GOLD PRICES moved sideways in quiet trade on Monday as the Dollar held firm ahead of this week’s widely-expected interest-rate rise from the US Federal Reserve.
Moving barely 1% away from $1200 per ounce over the last month, gold again stuck to that price as world stock markets slipped.
Tokyo and Shanghai were closed for mid-autumn festivals, but on the political front
Beijing cancelled planned talks with Washington amid the worsening US-China trade war, with both sides imposing new tariffs last week.

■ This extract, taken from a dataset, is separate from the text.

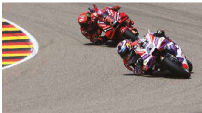
Jorge Martin (R) and Francesco Bagnaia battle it out in the German motorcycle Grand Prix

Ahead of this Wednesday’s Federal Open Market Committee (FOMC) decision, betting against gold prices by hedge fund and other ‘Managed Money’ traders last week grew for the 10th week running on Comex futures and options, according to US regulator
the CFTC’s data series.
Net of that group’s bullish bets, the speculative short position grew 4.2% – reaching a notional equivalent of 231 tonnes – but held below the fresh series record hit at the start of September.
Gold mining shares edged higher on Monday after No.1 producer Barrick (NYSE: ABX) announced a merger with No.15 miner Randgold Resources (LON: RRS) in a deal valuing the new joint business at $18 billion.
Focused on central and western Africa, Randgold will be de-listed from the London Stock Exchange, and its shareholders paid in North America-listed Barrick stock.
Friday saw the launch of billionaire hedge-fund manager John Paulson’s new Shareholders Gold Council – a lobby group
aimed at pushing mining bosses to curb executive spending and focus on boosting returns to equity investors.
The
UK gold price in Pounds per ounce meantime slipped 0.5% to £913 on Monday as Sterling rallied despite fresh political wrangling over both the Conservative Government and opposition Labour Party’s plans for Brexit.
Pro-Brexit politicians today put forward an alternative Brexit plan to the so-called “Chequers deal” offered by Prime Minister Theresa May and rejected by European Union leaders last week.